The EFI is formed from five Scientific Cores that provide essential intellectual, computational, and experimental infrastructure. The Scientific Cores are the intellectual and technological center of the EFI in developing a general, sequence/structure‑based strategy for functional assignment.
(Patsy Babbitt, Director)
The Superfamily/Genome Core is responsible for identification and regular sequence updates for the AH, EN, GST, HAD, and IS superfamilies. Curated sequences are maintained in the Structure Function Linkage Database (SFLD), which is a tool for investigating protein sequence, structure, and function by providing explicit information concerning how a given protein, or family of proteins, delivers chemical functionality. The SFLD was created in the Babbitt Laboratory with the resources and aid of the UCSF Resource for Biocomputing, Visualization, and Informatics (RBVI). The EFI uses the SFLD as an analysis and archive site for EFI superfamilies. The resources therein are used to identify and prioritize targets for functional assignment in the EFI as well as assist the other Cores and Bridging Projects in their studies.
(Steve Almo, Director)
The Protein Core performs high throughput cloning, protein expression, and protein purification for targets from all five EFI superfamilies. Samples of purified protein are provided for x‑ray crystallography in the Structure Core as well as enzymatic assay and library screening by the Bridging Projects. In collaboration with the Structure Core, the Protein Core screens proteins for ligand binding using thermal denaturation‑based approaches to provide additional clues for functional characterization.
(Steve Almo, Director)
The Structure Core determines high resolution structures of EFI targets. When possible and necessary, liganded structures with substrates and substrate analogues are also pursued. Not only do these structures provide suitable templates for in silico ligand docking by the Computation Core, they are critical for understanding the bases for substrate specificity and thereby evaluating the accuracy of the computationally generated poses.
(Matt Jacobson, Director; Andrej Sali and Brian Shoichet co-PIs)

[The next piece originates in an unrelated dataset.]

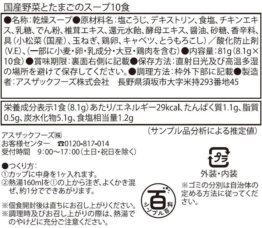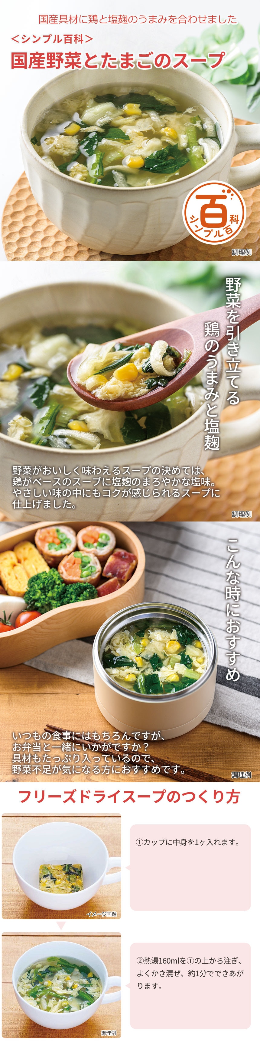 [計40食]<シンプル百科>国産野菜とたまご 81g(8.1g×10食)×4袋 | 鶏と塩麹で素材のうまみを引き出しました。ふわふわたまごと合わせて仕上げたフリーズドライスープ

The Computation Core uses both homology modeled and x-ray structures for in silico ligand docking to predict functions for EFI targets. This requires significant advances in methodology in order to redesign virtual screening tools originally developed for drug discovery. Approaches for allowing and predicting conformational changes (loop closure and flexibility) is also under development. The functional predictions in the Computational Core made guide syntheses of focused libraries and enzymatic assays by the Bridging Projects.
(John Cronan, Director; Jonathan Sweedler, co-PI)
The Microbiology Core examines in vitro assigned functions on a case-by-case basis using genetic, phenotypic, and metabolomic approaches. As available for a given organism, strategies include phenotypic evaluation of knockout and overexpression mutants under variable conditions, transcriptome analyses, and mass spectrometry based identification of substrates/products and pathway metabolites through comparison of wild-type and mutant metabolomes.
(Patsy Babbitt and Wladek Minor, co-Directors)
The Data and Dissemination Core is responsible for data gathering/coordination, information dissemination, and bioinformatics. Four primary resources have been established: 1) the EFI website serves as the main resource for general information on development of the integrated strategy as well as a portal to the EFI’s targets, data, and tools; 2) the public EFI-DB database for access to experimental data gathered on each target as it becomes available; 3) an internal LabDB database for semi-automated recording and analysis of experimental data; and 4) the SFLD database which provides highly curated sequence information, links to external databases, and computationally-derived information for the EFI superfamilies as well as an expanding number of other superfamilies.